Dirinya melanjutkan bahwa pada periode sebelumnya yaitu Presiden Joko Widodo (Jokowi) selama dua periode kepemimpinannya telah memberikan perhatian penuh dan meletakkan warisan yang baik bagi NTT. Karena itu, dirinya yakin Wapres Gibran akan meneruskan warisan kerja dari orang tuanya untuk terus membantu tanah Flobamora.
Sebelumnya, Presiden Prabowo Subianto pada saat berpidato dalam Kongres ke-VI Partai Amanat Nasional (PAN) pada September lalu, mengatakan bahwa dirinya sama sekali tidak ada urusan dalam Pilkada 2024. (lihat di: https://youtu.be/m9ujtE09zeI?si=MGMmM8HWR8ZTkIYu).

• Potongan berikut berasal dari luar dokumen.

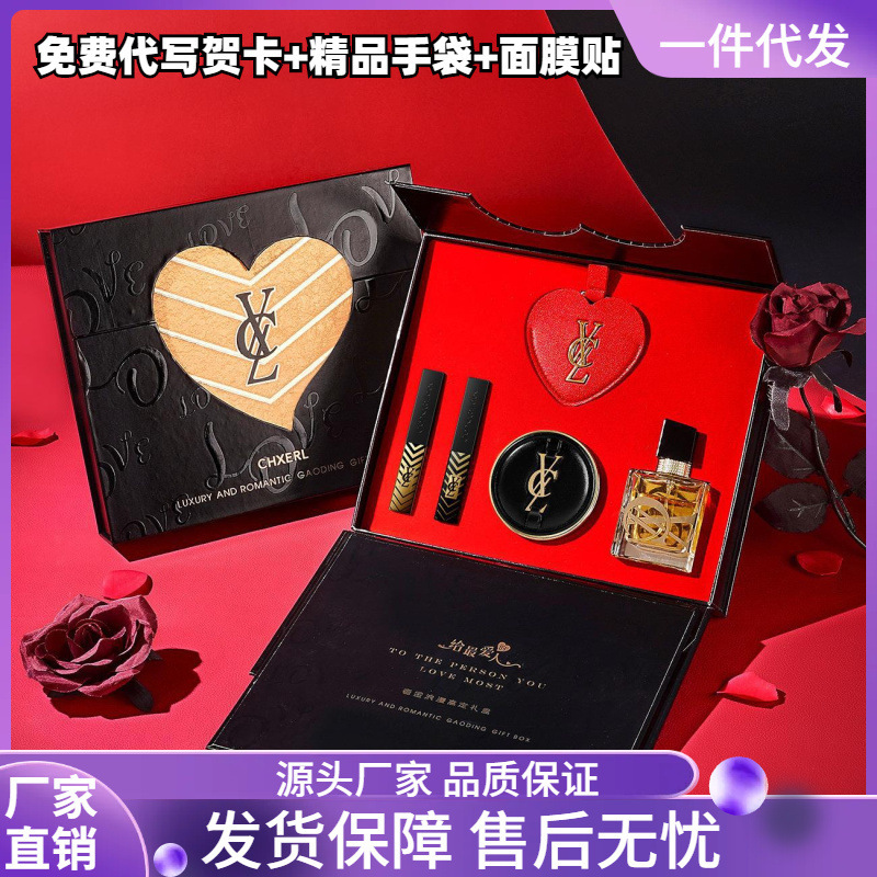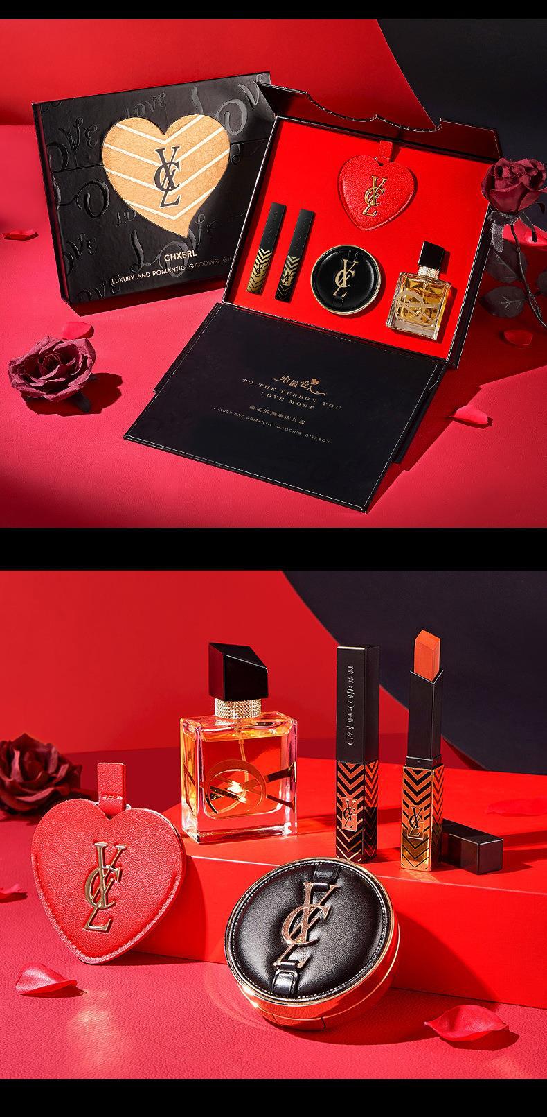 В наличии подарочный набор Chanel из роскошных золотых романтических духов в подарочной упаковке ко Дню святого Валентина, набор из элитных духов и помады для девушки.

Purnawirawan Tentara Nasional Indonesia (TNI) itu bahkan menyebut bahwa perbedaan koalisi di daerah adalah hal yang biasa dalam dinamika perpolitikan dan dirinya tak ada urusan sama sekali dengan hal tersebut. Mantan Menteri Pertahanan ini juga menegaskan bahwa baik dirinya dan Presiden Jokowi tidak pernah menitip seorang politisi pun dalam Pilkada serentak 2024 ini.
“Tentang Pilkada, serahkanlah kepada junior-junior itu. Siapapun yang dipilih tidak ada masalah. Silahkan. Kadang-kadang kita sama PAN, kadang-kadang tidak. Ya silahkan. Tidak ada urusan. Tidak ada intervensi. Saya jamin itu. Saya juga berkali-kali ketemu Pak Jokowi, dia tidak pernah nitip siapa-siapa. Rakyat sudah memberi mandat kepada kita. Kita ajak semua kekuatan bekerja sama,” tegas Prabowo.

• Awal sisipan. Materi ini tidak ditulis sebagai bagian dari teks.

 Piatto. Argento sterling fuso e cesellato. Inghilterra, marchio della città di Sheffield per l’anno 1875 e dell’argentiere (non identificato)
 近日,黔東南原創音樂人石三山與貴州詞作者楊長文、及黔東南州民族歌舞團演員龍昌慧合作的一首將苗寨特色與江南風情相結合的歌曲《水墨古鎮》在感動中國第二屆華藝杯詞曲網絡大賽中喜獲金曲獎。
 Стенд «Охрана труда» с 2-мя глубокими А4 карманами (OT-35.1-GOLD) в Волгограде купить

Pengamat Politik Universitas Nusa Cendana (Undana) Yohanes Jimmy Nami S.IP.,M.IP melihat Prabowo-Gibran adalah sosok pemimpin yang menaruh atensi besar bagi NTT. Sehingga, siapapun Gubernur NTT terpilih nanti, provinsi kepulauan ini akan tetap menjadi salah satu prioritas pembangunan nasional.

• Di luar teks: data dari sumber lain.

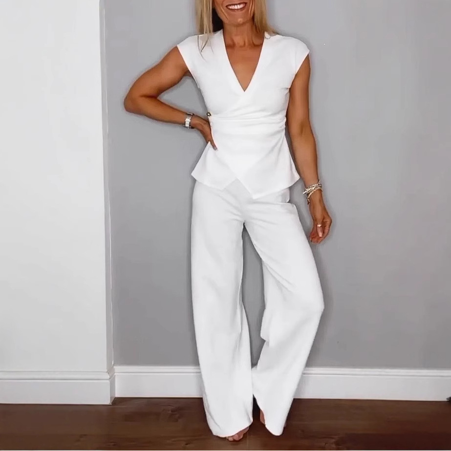 This Women Summer Casual Solid v-Neck Sleeveless Top And Pants Two-Piece Set Design Made Of High Quality polyester And Spandex Material. It Is Stretchy, Durable And Comfortable. It Is a Must-Have Outfit For All Seasons. retail Two Piece Pant Sets Can Solve Your cloth selection Troubles. Explore More 2 Piece Pants Set On BamBam retail Women Clothing Online Store.

Dosen Ilmu Politik Undana tersebut menerangkan bahwa segala kegiatan pembangunan di Indonesia akan dimulai dari wilayah terluar yang membutuhkan atensi besar dari pemerintah pusat dan Provinsi NTT merupakan salah satunya. Siapapun Gubernur NTT yang terpilih akan mendapatkan porsi perhatian yang sama dari pemerintah pusat.